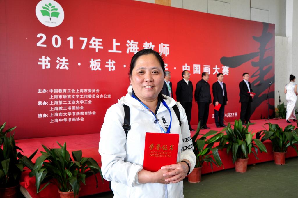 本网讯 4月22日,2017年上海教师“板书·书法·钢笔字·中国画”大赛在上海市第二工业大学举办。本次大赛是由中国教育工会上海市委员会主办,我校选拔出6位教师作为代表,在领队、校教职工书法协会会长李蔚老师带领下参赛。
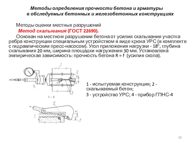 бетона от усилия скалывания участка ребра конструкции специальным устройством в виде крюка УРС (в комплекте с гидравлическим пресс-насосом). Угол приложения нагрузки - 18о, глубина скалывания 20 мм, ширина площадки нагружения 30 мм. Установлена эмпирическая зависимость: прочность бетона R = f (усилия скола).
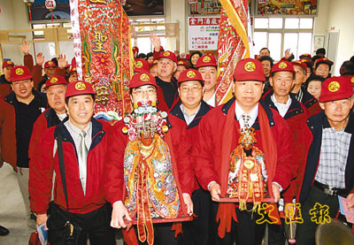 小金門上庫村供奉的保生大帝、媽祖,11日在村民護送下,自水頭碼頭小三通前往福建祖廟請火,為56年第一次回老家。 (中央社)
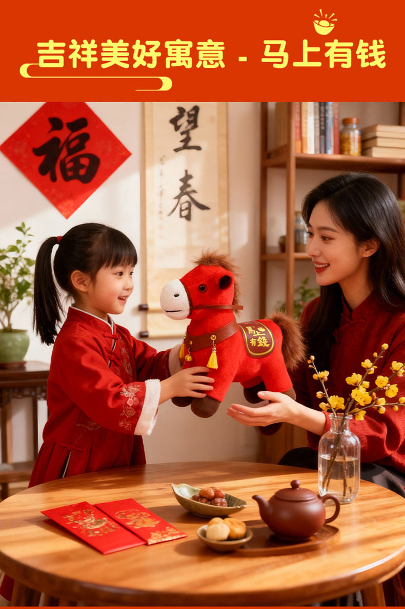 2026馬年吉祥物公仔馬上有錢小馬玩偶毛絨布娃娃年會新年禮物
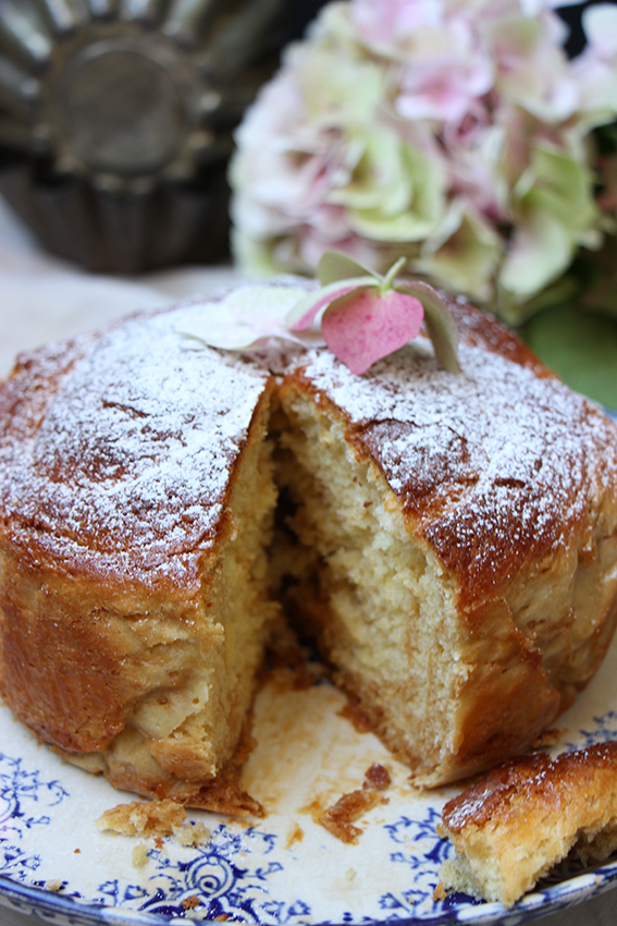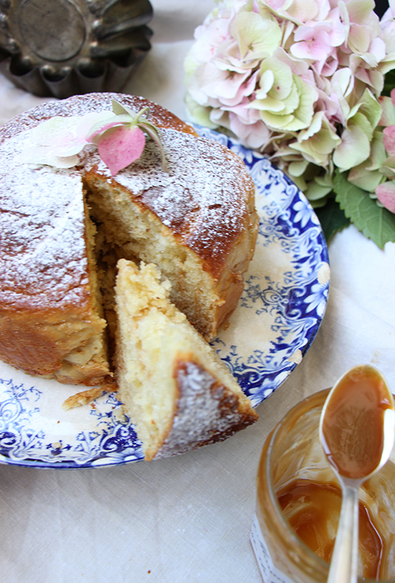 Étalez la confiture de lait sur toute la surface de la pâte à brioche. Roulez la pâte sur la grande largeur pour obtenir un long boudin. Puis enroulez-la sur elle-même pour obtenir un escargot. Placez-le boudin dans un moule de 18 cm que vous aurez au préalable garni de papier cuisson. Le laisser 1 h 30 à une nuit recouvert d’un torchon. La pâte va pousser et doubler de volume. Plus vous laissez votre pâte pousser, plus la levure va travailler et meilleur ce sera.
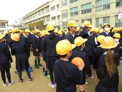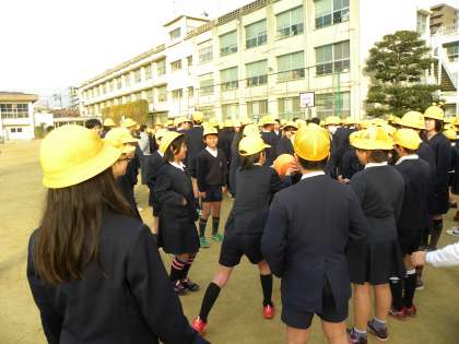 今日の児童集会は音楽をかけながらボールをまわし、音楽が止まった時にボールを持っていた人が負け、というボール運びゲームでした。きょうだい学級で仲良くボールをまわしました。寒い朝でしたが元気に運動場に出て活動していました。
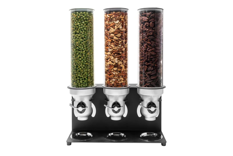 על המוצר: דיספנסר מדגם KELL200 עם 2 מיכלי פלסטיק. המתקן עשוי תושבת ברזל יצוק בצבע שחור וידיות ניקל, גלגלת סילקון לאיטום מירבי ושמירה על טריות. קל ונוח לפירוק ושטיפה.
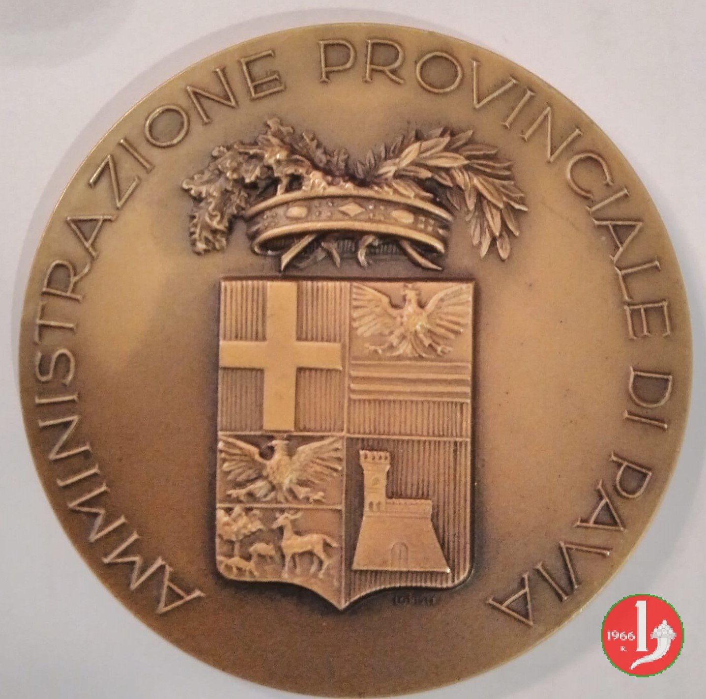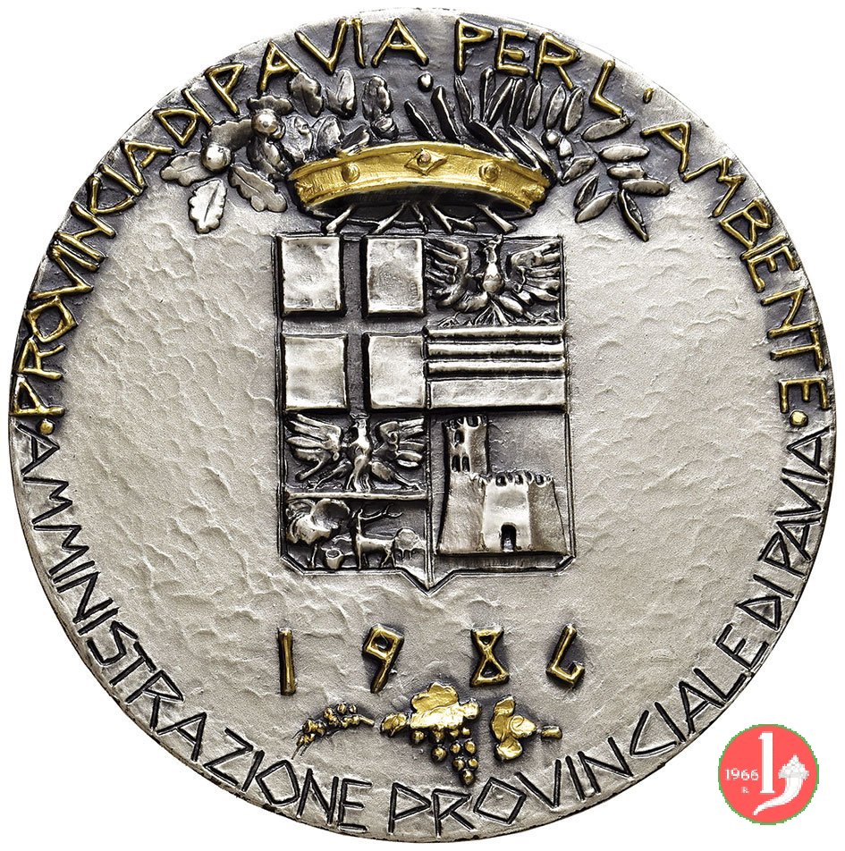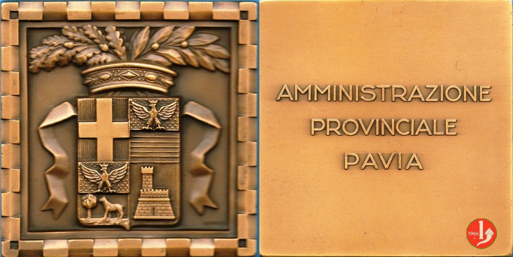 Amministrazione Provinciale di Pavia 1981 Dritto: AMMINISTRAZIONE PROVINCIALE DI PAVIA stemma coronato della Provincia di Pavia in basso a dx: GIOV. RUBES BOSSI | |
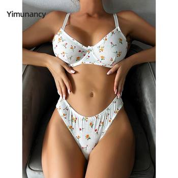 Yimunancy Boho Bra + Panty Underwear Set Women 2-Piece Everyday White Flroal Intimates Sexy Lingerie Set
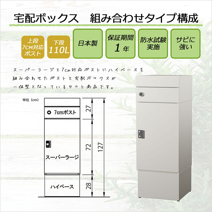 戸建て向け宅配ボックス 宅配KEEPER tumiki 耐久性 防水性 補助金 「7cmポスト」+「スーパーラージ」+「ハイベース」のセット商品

Exercise instructions — Exact copies of the entries above are needed, with every picture removed.

Result for this exercise —
 本网讯 4月22日,2017年上海教师“板书·书法·钢笔字·中国画”大赛在上海市第二工业大学举办。本次大赛是由中国教育工会上海市委员会主办,我校选拔出6位教师作为代表,在领队、校教职工书法协会会长李蔚老师带领下参赛。
 бетона от усилия скалывания участка ребра конструкции специальным устройством в виде крюка УРС (в комплекте с гидравлическим пресс-насосом). Угол приложения нагрузки - 18о, глубина скалывания 20 мм, ширина площадки нагружения 30 мм. Установлена эмпирическая зависимость: прочность бетона R = f (усилия скола).
 小金門上庫村供奉的保生大帝、媽祖,11日在村民護送下,自水頭碼頭小三通前往福建祖廟請火,為56年第一次回老家。 (中央社)
 2026馬年吉祥物公仔馬上有錢小馬玩偶毛絨布娃娃年會新年禮物
 Étalez la confiture de lait sur toute la surface de la pâte à brioche. Roulez la pâte sur la grande largeur pour obtenir un long boudin. Puis enroulez-la sur elle-même pour obtenir un escargot. Placez-le boudin dans un moule de 18 cm que vous aurez au préalable garni de papier cuisson. Le laisser 1 h 30 à une nuit recouvert d’un torchon. La pâte va pousser et doubler de volume. Plus vous laissez votre pâte pousser, plus la levure va travailler et meilleur ce sera.
 今日の児童集会は音楽をかけながらボールをまわし、音楽が止まった時にボールを持っていた人が負け、というボール運びゲームでした。きょうだい学級で仲良くボールをまわしました。寒い朝でしたが元気に運動場に出て活動していました。
 על המוצר: דיספנסר מדגם KELL200 עם 2 מיכלי פלסטיק. המתקן עשוי תושבת ברזל יצוק בצבע שחור וידיות ניקל, גלגלת סילקון לאיטום מירבי ושמירה על טריות. קל ונוח לפירוק ושטיפה.
 Amministrazione Provinciale di Pavia 1981 Dritto: AMMINISTRAZIONE PROVINCIALE DI PAVIA stemma coronato della Provincia di Pavia in basso a dx: GIOV. RUBES BOSSI | |
 Yimunancy Boho Bra + Panty Underwear Set Women 2-Piece Everyday White Flroal Intimates Sexy Lingerie Set
 戸建て向け宅配ボックス 宅配KEEPER tumiki 耐久性 防水性 補助金 「7cmポスト」+「スーパーラージ」+「ハイベース」のセット商品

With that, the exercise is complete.